Continuing an almost two-year long trend, the U.S. Court of Appeals for the Federal Circuit found that the district court crossed a fine line between "reading a claim in light of the specification, and reading a limitation into the claim from the specification." Liquid Dynamics v. Vaughn Co., Case Nos. 03-1146, -1147, -1208 (Fed Cir. Jan. 23, 2004).

The patent-in-suit describes a tank that stores liquid and semisolid waste products and mixes the waste products for subsequent processing. As recited in the asserted claims, the tank mixes the waste products by generating a "substantial helical flow path." The parties disputed the scope of the phrase "substantial helical flow" and "substantially helical flow path." The defendant advocated that each term required a geometrically helical pattern.

The district court observed that the phrase "substantial helical flow path" was ambiguous and, therefore, looked to the specification and the prosecution history to construe its scope. The figures included in the specification only illustrated a perfect helical flow path. In addition, during prosecution, the applicant differentiated the claimed invention from prior art that had a generalized helical flow path. Based on these representations, the district court construed the recited term to "require a perfect helical flow path." Liquid Dynamics appealed.

The Federal Circuit reversed, outlining the steps required for proper claim construction and noting that "[a]s the starting point, [the Court should] give claim terms their ordinary and accustomed meaning as understood by one of ordinary skill in the art." The Court further emphasized that unless the specification acts as a dictionary and expressly defines the claim term or the patentee unequivocally disavows a certain meaning during prosecution, the plain and ordinary meaning of the claim term prevails.

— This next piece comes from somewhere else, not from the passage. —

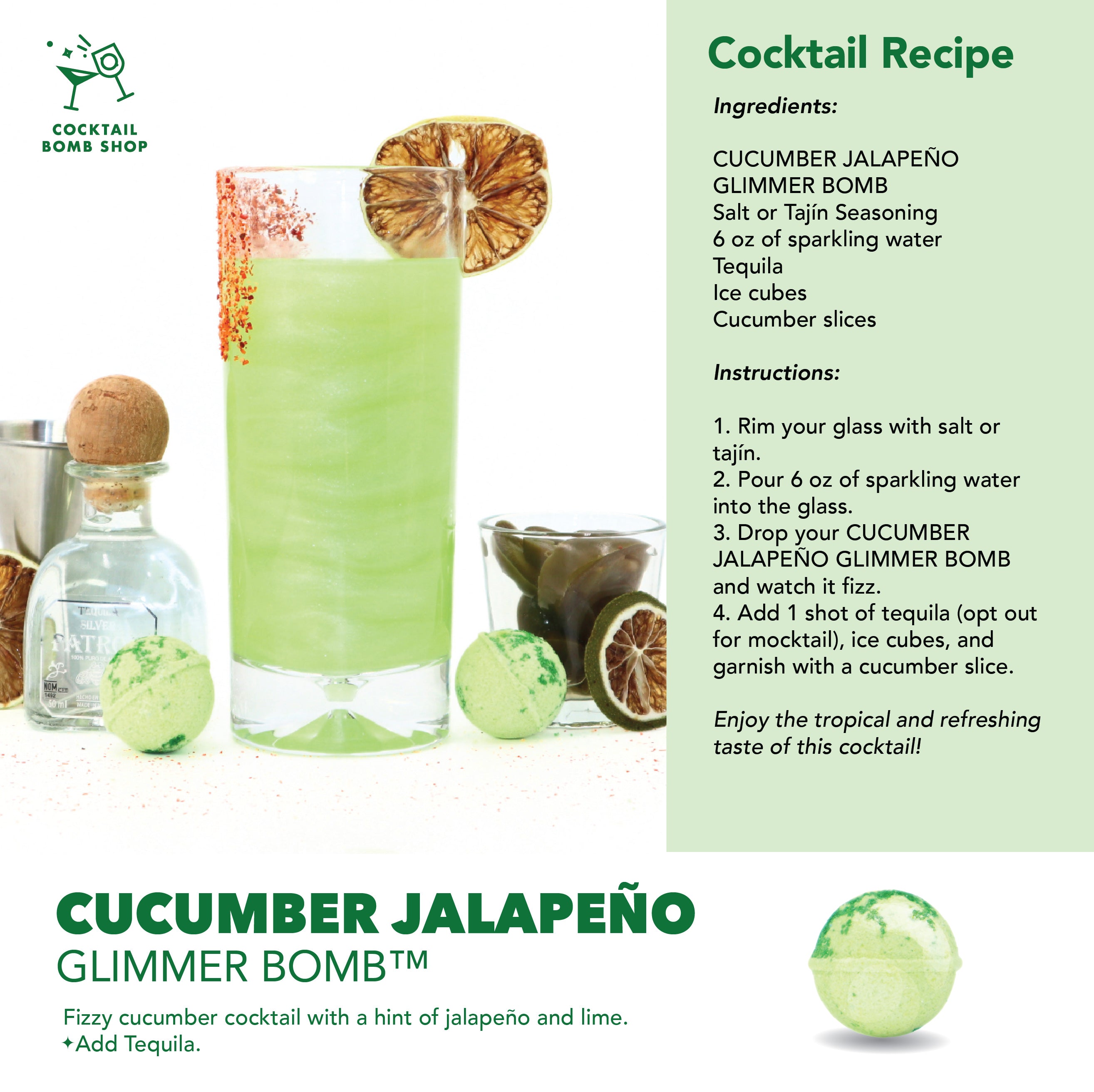 As each bomb fizzes in sparkling water, it creates a cooling, invigorating drink with subtle heat—ideal for spicy margarita fans, elevated hosting moments, or anyone who loves a fresh twist on classic flavours.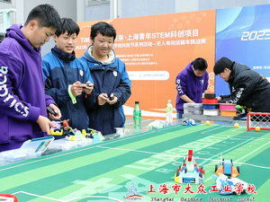 格斗机器人带来的是机器人足球赛,同学们手握操控器,比的是操控,体验的是高速运动、灵活的机器人的魅力!

The Federal Circuit found that the disputed claim term "was not ambiguous and its plain meaning was not contradicted by the written description." "Because the plain language of the claim was clear and uncontradicted by anything in the written description or the figures, the district court should not have relied upon the written description, the figures, or the prosecution history to add limitations to the claim." Accordingly, the Federal Circuit focused on the ordinary meaning of the term "substantial" and held that the proper construction for disputed phrase permitted the flow path to have a general rather than a perfect spiral pattern.